Throwing money at social problems doesn't necessarily work, true, but the other side of that coin, how does that go? In a perfect world, everything would be great. We don't live there, at least I don't. The idea of balancing government and other things is something most people can live with, trying to do that is the problem.

Back from the school, and I read the story. The kids were so quiet. Of course the teacher was present, but they didn't fidget or anything. They seemed to be paying attention, which was good. Perhaps they thought I was too old to read? I also had lunch. We had pizza, toss salad, applesauce, corn on the cob, and the kids had milk, I had tea without sugar. I almost choked on that. I really enjoyed myself. We went outside for five minutes, and there were tiny flakes of snow falling. The kids loved it.

Posted by: cmyth4u | March 2, 2009 1:28 PM | Report abuse

Who the heck is Patrick Matthew? His name is in the title of the song that won best Darwin song lyrics, in a contest sponsored by blogger John Tierney at the NYT--Tierney announcing contest winners today.

I think I'd fall over if kids, as young as the ones in the accompanying YouTube video (members of the North Cambridge Family Opera Festival Chorus), sang lyrics as smart, in America's public schools or the private Sidwell. If you find the kids' singing hard to understand, click on the link that Tierney has provided to the written lyrics. The blog also does a good job explaining Patrick Matthew, as well as the equally unknown Dr. Wells.

Posted by: laloomis | March 2, 2009 1:29 PM | Report abuse

About to shovel. Then bike to store for milk and O.J. Lovely flakes in what looks to me as Brownian dust motes in a slant of sunshine.

Take care, all. Am betting on two-hour delay....and enjoying the lovely froth of white everywhere and the sounds of snow-deprived children on the street.

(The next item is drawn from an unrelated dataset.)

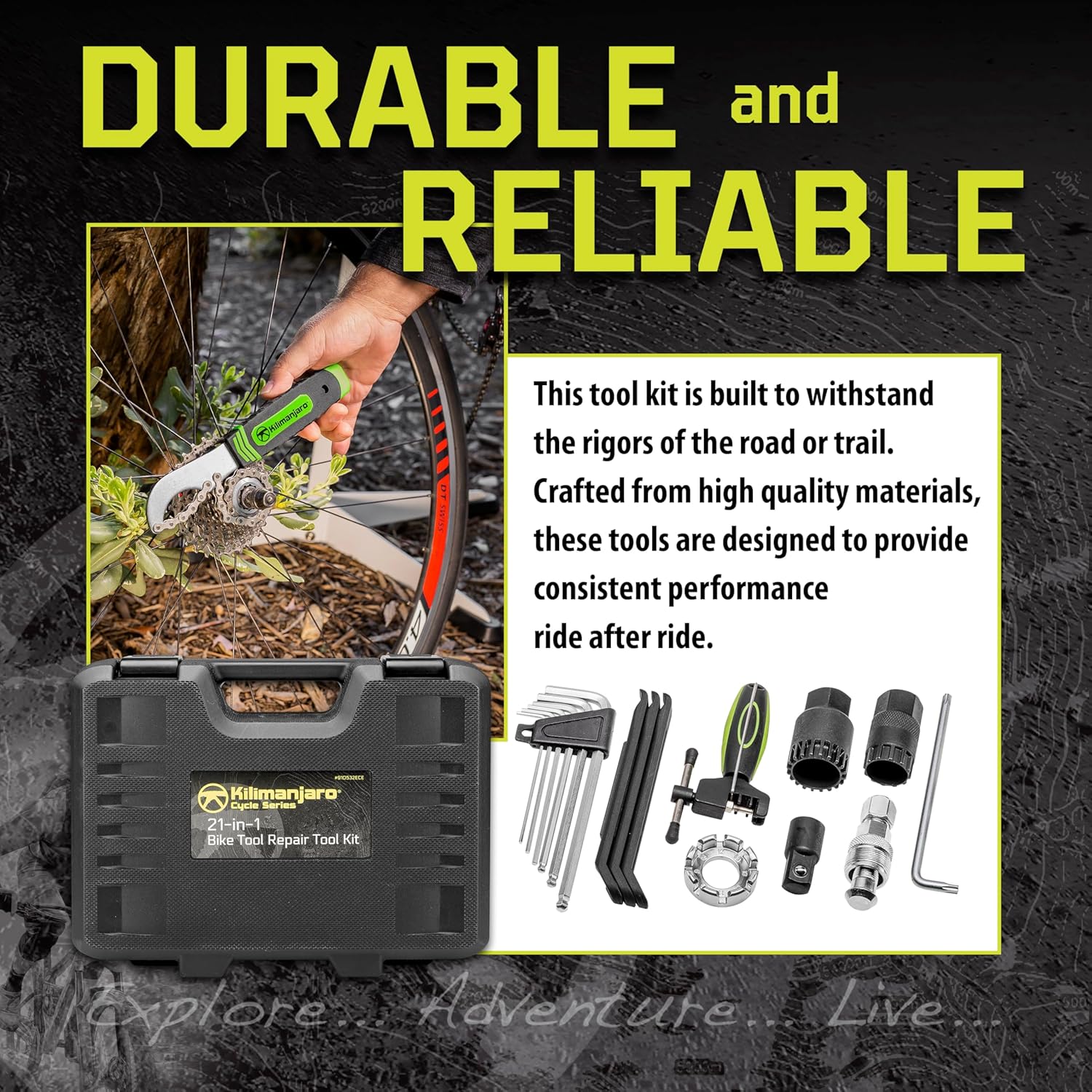 Kilimanjaro Cycle Series 21 Piece Bicycle Repair Tool Kit Set, Spoke Wrench, Tire Levers, Hex Keys, Pedal Spanner, Chain Tools – 910532ECE
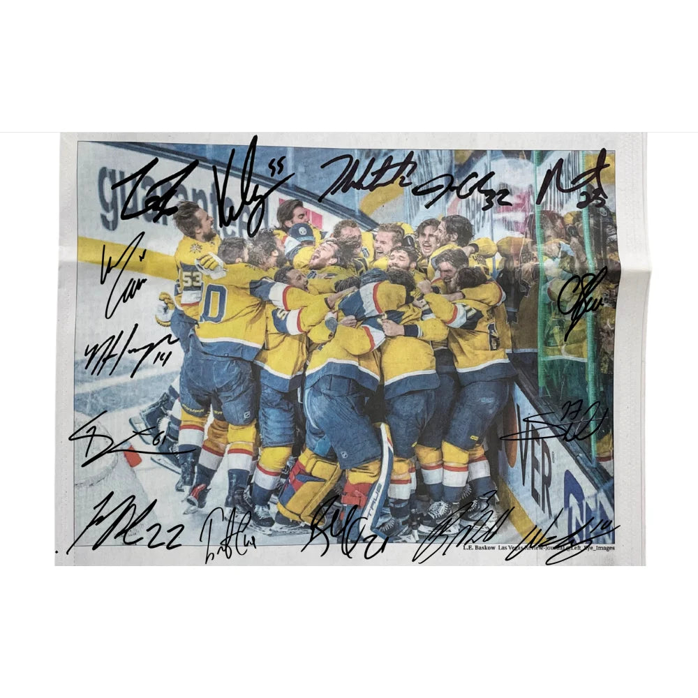 Vegas Golden Knights Fans! This item is your calling, featuring an autographed Las Vegas Review-Journal (LVRJ) signed by 15 players from your 2023 Stanley Cup Champions! Names include: Mark Stone, Jonathan Quick, Shea Theodore, Alec Martinez, Logan Thompson, Nicolas Roy, Keegan Kolesar, Nic Hague, Chandler Stephenson, Ivan Barbashev, Brayden McNabb, William Carrier, Brett Howden, Zach Whitecloud & Michael Amadio. This is an original newspaper, not a reprint, copy or reproduction released the day after they won on June 14, 2023. It is the front page and the entire first section of the newspaper and from that day and that is uncirculated fromthat day, so it's in new condition. This is a big time item to own, and you will find this team signed item nowhere else but Inscriptagraphs! A few signatures alone on this newspaper are difficult VGK signatures to find on any team signed items including Jonathan Quick, Michael Amadio & Nic Hague which makes this item stand out!

Posted by: CollegequaParkian | March 2, 2009 1:34 PM | Report abuse

I must point out that grits are NOT polenta. For grits you need, that's right, a big pot of lye. Really. Grits are nixtamalized corn, i.e., hominy. See
or my own

And dbG, in lieu of commercial Szechuan sauce, the combo of Viet chili paste and soy paste are right on the spot. I will forgive you for the ginger. It's just me.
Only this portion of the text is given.